Deaton Zero. No gag reflex. Patient buys the tube. I bill for at least a half hour of critical care and a procedure.  Yippee!

Deaton One. Not aesthetically pleasing. "I don't like that. Let's try it again. Use a bigger stick. Push harder."

Deaton Two. Acceptable. "I make that noise when I think of my ex."

Deaton Three. Dramatic. "Ack ack ack ack ack! No! What the f...k!"

Deaton Four. Enthusiastic "Oh, yeah. C'mon. Uh huh. Uh huh."

Interestingly, in field testing this scale others have mentioned that this scheme could also be used in a social setting, and that the "little black books" men are reported to carry might consider adding a Deaton Score to the traditional system of stars. Of course, because I am a Paragon of Puritan Virtue, I have no idea what they mean. And because I adore The Dental Empress, I'm going to keep it that way.

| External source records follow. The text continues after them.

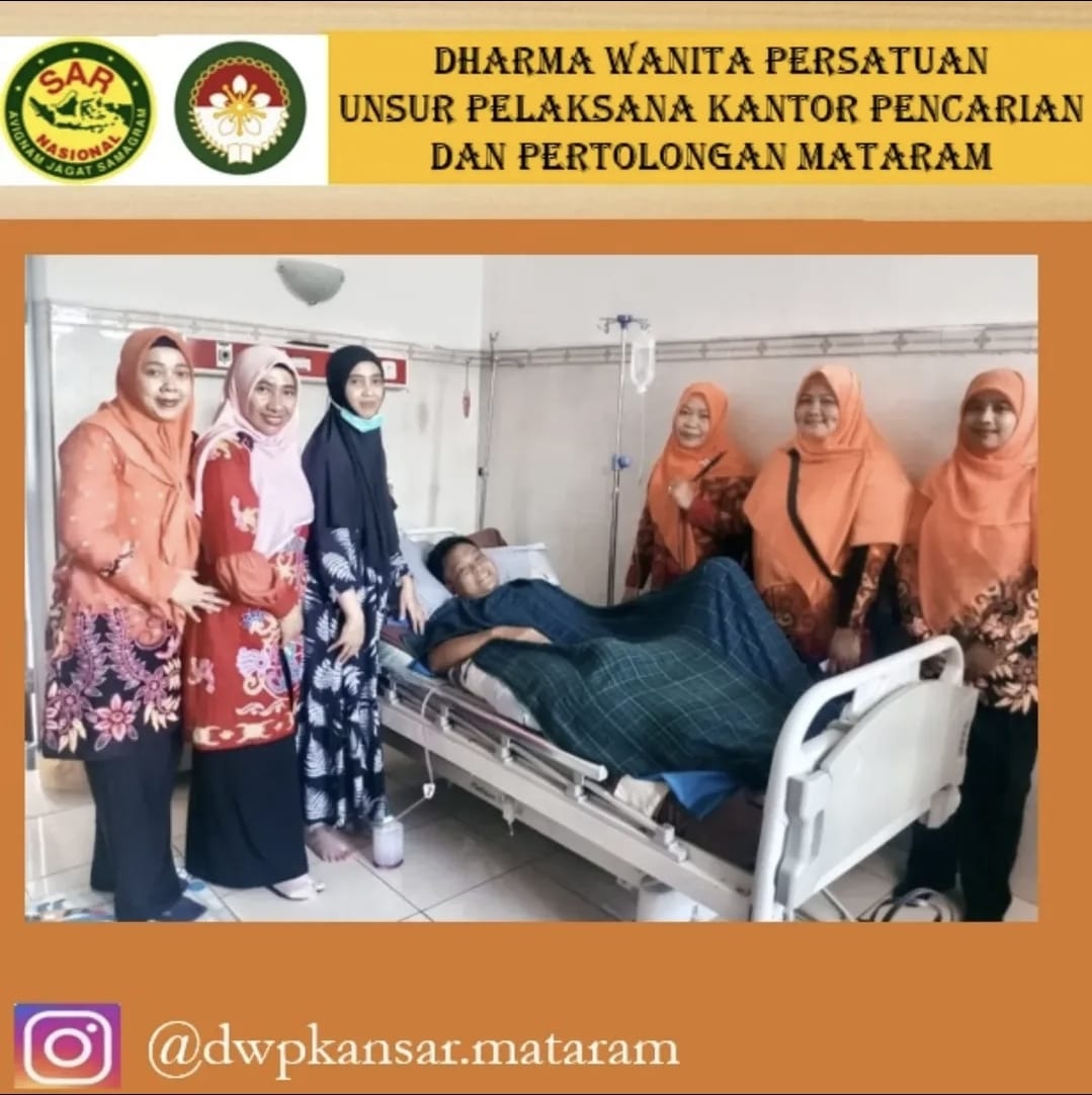 Pada tanggal 03 Maret 2024, Ketua DWP UP kantor Pencarian dan Pertolongan Mataram Ny Yuliani Hariyadi bersama 4 orang anggota membesuk salah satu orang Pegawai Kantor Pencarian dan Pertolongan Matara Bapak Alfin Mardawaih yang dirawat di Rumah Sakit Islam Mataram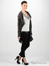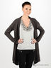 Детали: широкий отложной воротник в рубчик, переходящий в планку, длинный прямой рукав с высокой манжетой в рубчик
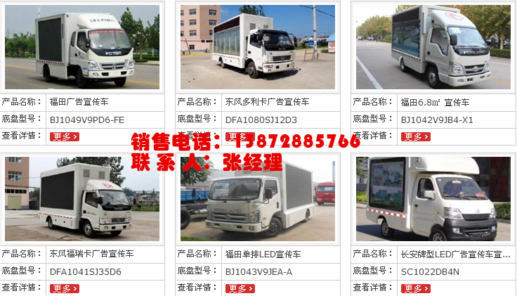 LED廣告宣傳車有:福田L(fēng)ED廣告宣傳車、江淮LED廣告宣傳車、東風(fēng)LED廣告宣傳車等;提供LED廣告宣傳車、LED廣告車、LED移動廣告車的詳細(xì)配置及報價。13872885766 張經(jīng)理。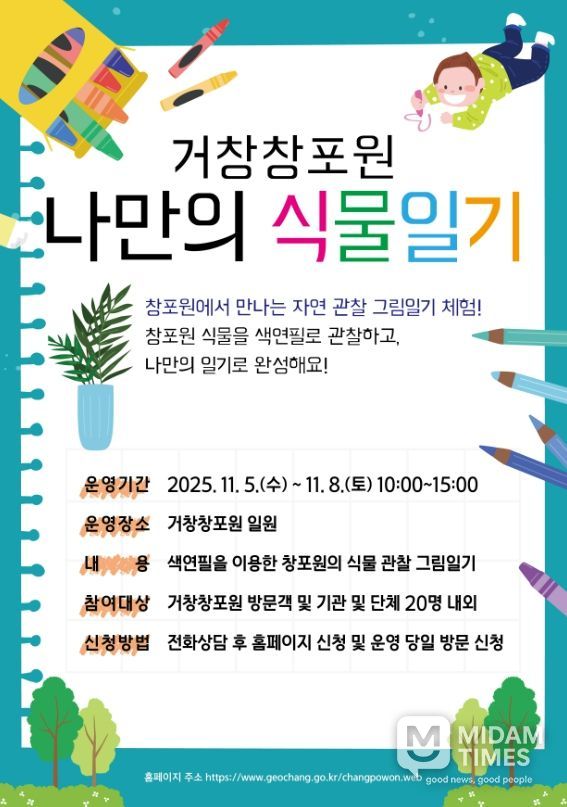 미담타임스 김교환 기자 | 거창창포원은 ‘국화 예술속 정원산책’ 행사 기간 중앙광장에서 방문객을 대상으로 체험 프로그램인 ‘나만의 식물일기’를 운영한다.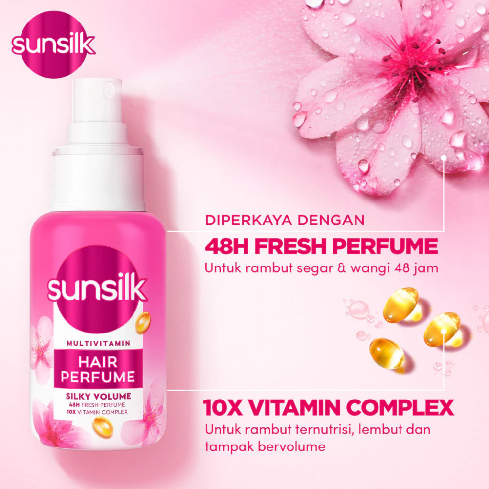 Sunsilk Multivitamin Hair Perfume. Produk 2-in-1 perfume yang mengandung multivitamin & perfume. Kini hadir dengan varian SILKY VOLUME untuk rambut tampak bervolume. Memiliki teknologi anti bau (malodor technology) yang memberikan wangi bunga segar yang tahan 48 jam dilengkapi dengan 10x vitamin complex. Mengandung NIACINAMIDE dan VITAMIN E yang dapat menutrisi rambut kamu menjadi tampak bervolume!

(Afterthought: As I was reviewing this prior to posting, I was reminded of a patient during my residency, who, when having a urinary catheter placed into the bladder through his...ummm...member, proclaimed "Oh BABY! Oh BABY! Oh BABY!" In a most enthusiastic tone. Which makes me think the Deaton Score can also be applied to the response to urinary catheterization. Though to distinguish it from the first score, it needs a distinct name. How about the Wang Response?)